If you want to see what is in the cache of unbound..

[24.03-RELEASE][admin@sg4860.home.arpa]/: unbound-control -c /var/unbound/unbound.conf dump_cache

you can also see what unbound would use to lookup a specific url and what it has cached for it.

[24.03-RELEASE][admin@sg4860.home.arpa]/: unbound-control -c /var/unbound/unbound.conf lookup forum.netgate.com
The following name servers are used for lookup of forum.netgate.com.
;rrset 584 3 0 7 0
netgate.com.    584     IN      NS      ns3.netgate.com.
netgate.com.    584     IN      NS      ns2.netgate.com.
netgate.com.    584     IN      NS      ns1.netgate.com.
;rrset 584 1 0 3 0
ns1.netgate.com.        584     IN      A       208.123.73.80
;rrset 584 1 0 3 0
ns2.netgate.com.        584     IN      A       208.123.73.90
;rrset 584 1 0 3 0
ns3.netgate.com.        584     IN      A       34.197.184.5
Delegation with 3 names, of which 3 can be examined to query further addresses.
It provides 3 IP addresses.
34.197.184.5            not in infra cache.
208.123.73.90           not in infra cache.
208.123.73.80           not in infra cache.
[24.03-RELEASE][admin@sg4860.home.arpa]/:

If you want to see what unbound has in its cache for a specific record

[24.03-RELEASE][admin@sg4860.home.arpa]/: unbound-control -c /var/unbound/unbound.conf dump_cache | grep forum.netgate.com
forum.netgate.com.      484     IN      A       208.123.73.71
msg forum.netgate.com. IN A 32896 1 484 0 1 1 3 -1 
forum.netgate.com. IN A 0
[24.03-RELEASE][admin@sg4860.home.arpa]/:

If you want to see for example what windows has in its local cache

ipconfig /displaydns

Gertjan

@jrey said in DNS Reply Resolver vs Reply and cache:

in the response what is the subtle difference between
resolver vs. reply

The unbound receives a request.
If it's a host name and unbound knows about, the answer is given right away.
For examples : host overrides or static DHCP leases.
If not, the cache is checked, and if its found and TTL is still valid => bingo.
This is what happens normally the most of the time :

Grey = hit.
Some other color : resolving took place, so this took some time.

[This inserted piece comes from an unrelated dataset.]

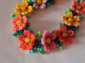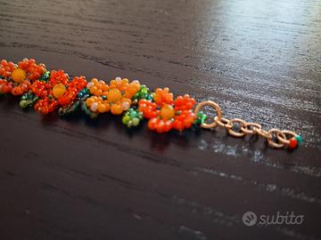 Bracciale realizzato interamente a mano con ago e filo in tessitura di bellissime perline in vetro di qualità Europea Preciosa con fiori e foglie nei toni e sfumature del giallo, arancione e verde e cristallini sfaccettati 🌺 Gioiello resistente con filo di eccellente qualità e metallo anallergico nickel free 🌺 Lunghezza 16 cm, regolabile fino a 18 cm Nuovo 🌷⚘️🌺🌻🌼 La lavorazione richiede diverse ore di impegno e dedizione 💜 Perfetto anche come idea regalo, handmade with love 💖 Disponibile anche in altri colori, visita gli annunci sul mio profilo ⚘️🌺 Prezzo 18 € 🌺 💖🌷⚘️🌺🌻🌼

Btw, There is always more to it.
Like this one :

The first and fourth are obvious ... and make caching even faster as expired stuff gets renewed 'if ever needed again' so the cache will grow ....

jrey

@johnpoz

what is in the local cache for both cases is
unbound-control -c /var/unbound/unbound.conf lookup sample_in_question
"the following name servers are used for lookup of .... and it list the upstreams

This is the same for both cases. so is the dig

however,

Starting with no record upstream

on localhost query, cache record is created on the upstream
delete the upstream cache
query again the subsequent response, cache record is created on the upstream

when the query is made from the localhost, does not return the "cache" and always creates the record in the upstream if I delete the cache there in between the queries --- ie it is going to the upstream every single time the request is made from localhost. it look like this..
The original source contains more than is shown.